I have a table, that contains date field (let it be date s_date) and description field (varchar2(n) desc). What I need is to write a script (or a single query, if possible), that will parse the desc field and if it contains a valid oracle date, then it will cut this date and update the s_date, if it is null.
But there are one more condition - there are must be exactly one occurence of a date in the desc. If there are 0 or >1 - nothing should be updated.
By the time I came up with this pretty ugly solution using regular expressions:
----------------------------------------------
create or replace function to_date_single( p_date_str in varchar2 )
return date
is
l_date date;
pRegEx varchar(150);
pResStr varchar(150);
begin
pRegEx := '((0[1-9]|[12][0-9]|3[01])[.](0[1-9]|1[012])[.](19|20)\d\d)((.|\n|\t|\s)*((0[1-9]|[12][0-9]|3[01])[.](0[1-9]|1[012])[.](19|20)\d\d))?';
pResStr := regexp_substr(p_date_str, pRegEx);
if not (length(pResStr) = 10)
then return null;
end if;
l_date := to_date(pResStr, 'dd.mm.yyyy');
return l_date;
exception
when others then return null;
end to_date_single;
----------------------------------------------
update myTable t
set t.s_date = to_date_single(t.desc)
where t.s_date is null;
----------------------------------------------
But it's working extremely slow (more than a second for each record and i need to update about 30000 records). Is it possible to optimize the function somehow? Maybe it is the way to do the thing without regexp? Any other ideas?
Any advice is appreciated :)
EDIT:
OK, maybe it'll be useful for someone. The following regular expression performs check for valid date (DD.MM.YYYY) taking into account the number of days in a month, including the check for leap year:
(((0[1-9]|[12]\d|3[01])\.(0[13578]|1[02])\.((19|[2-9]\d)\d{2}))|((0[1-9]|[12]\d|30)\.(0[13456789]|1[012])\.((19|[2-9]\d)\d{2}))|((0[1-9]|1\d|2[0-8])\.02\.((19|[2-9]\d)\d{2}))|(29\.02\.((1[6-9]|[2-9]\d)(0[48]|[2468][048]|[13579][26])|((16|[2468][048]|[3579][26])00))))
I used it with the query, suggested by #David (see accepted answer), but I've tried select instead of update (so it's 1 regexp less per row, because we don't do regexp_substr) just for "benchmarking" purpose.
Numbers probably won't tell much here, cause it all depends on hardware, software and specific DB design, but it took about 2 minutes to select 36K records for me. Update will be slower, but I think It'll still be a reasonable time.

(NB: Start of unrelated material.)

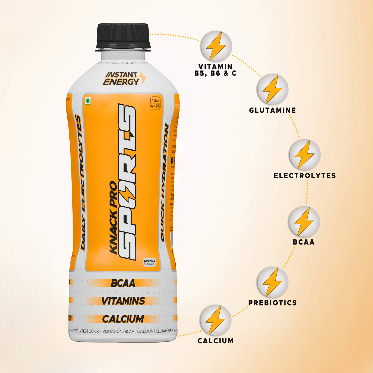 Knack Pro Sports (Orange Flavor): Quick Hydration with Essential Salts and Minerals Knack Pro Sports is one of its kind formulations which not only hydrates your body but helps in recovery as well. As compared to other hydration drinks, Knack pro Sport is infused with BCAA, Glutamine, Multi-Vitamins & Prebiotics which helps in quick recovery & takes care of your gut. As new India is rising, our goal is to build a community, elevate hydration standards, and spread awareness. This is why we call it "Hydration Naye Bharat Ka."

I would refactor it along the lines of a single update query.
Use two regexp_instr() calls in the where clause to find rows for which a first occurrence of the match occurs and a second occurrence does not, and regexp_substr() to pull the matching characters for the update.
update my_table
set my_date = to_date(regexp_subtr(desc,...),...)
where regexp_instr(desc,pattern,1,1) > 0 and
regexp_instr(desc,pattern,1,2) = 0
You might get even better performance with:
update my_table
set my_date = to_date(regexp_subtr(desc,...),...)
where case regexp_instr(desc,pattern,1,1)
when 0 then 'N'
else case regexp_instr(desc,pattern,1,2)
when 0 then 'Y'
else 'N'
end
end = 'Y'
... as it only evaluates the second regexp if the first is non-zero. The first query might also do that but the optimiser might choose to evaluate the second predicate first because it is an equality condition, under the assumption that it's more selective.
Or reordering the Case expression might be better -- it's a trade-off that's difficult to judge and probably very dependent on the data.

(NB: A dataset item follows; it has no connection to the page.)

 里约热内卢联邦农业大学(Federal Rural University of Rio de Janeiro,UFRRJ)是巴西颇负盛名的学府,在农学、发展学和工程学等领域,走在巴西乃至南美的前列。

I think there's no way to improve this task. Actually, in order to achieve what you want it should get even slower.
Your regular expression matches text like 31.02.2013, 31.04.2013 outside the range of the month. If you put year in the game,
it gets even worse. 29.02.2012 is valid, but 29.02.2013 is not.
That's why you have to test if the result is a valid date.
Since there isn't a full regular expression for that, you would have to do it by PLSQL really.
In your to_date_single function you return null when a invalid date is found.
But that doesn't mean there won't be other valid dates forward on the text.
So you have to keep trying until you either find two valid dates or hit the end of the text:
create or replace function fn_to_date(p_date_str in varchar2) return date is
l_date date;
pRegEx varchar(150);
pResStr varchar(150);
vn_findings number;
vn_loop number;
begin
vn_findings := 0;
vn_loop := 1;
pRegEx := '((0[1-9]|[12][0-9]|3[01])[.](0[1-9]|1[012])[.](19|20)\d\d)';
loop
pResStr := regexp_substr(p_date_str, pRegEx, 1, vn_loop);
if pResStr is null then exit; end if;
begin
l_date := to_date(pResStr, 'dd.mm.yyyy');
vn_findings := vn_findings + 1;
-- your crazy requirement :)
if vn_findings = 2 then
return null;
end if;
exception when others then
null;
end;
-- you have to keep trying :)
vn_loop := vn_loop + 1;
end loop;
return l_date;
end;
Some tests:
select fn_to_date('xxxx29.02.2012xxxxx') c1 --ok
, fn_to_date('xxxx29.02.2012xxx29.02.2013xxx') c2 --ok, 2nd is invalid
, fn_to_date('xxxx29.02.2012xxx29.02.2016xxx') c2 --null, both are valid
from dual
As you are going to have to do try and error anyway one idea would be to use a simpler regular expression.
Something like \d\d[.]\d\d[.]\d\d\d\d would suffice. That would depend on your data, of course.
Using #David's idea you could filter the ammount of rows to apply your to_date_single function (because it's slow),
but regular expressions alone won't do what you want:
update my_table
set my_date = fn_to_date( )
where regexp_instr(desc,patern,1,1) > 0

Related

How to transfer data with multiple conditions with pgsql?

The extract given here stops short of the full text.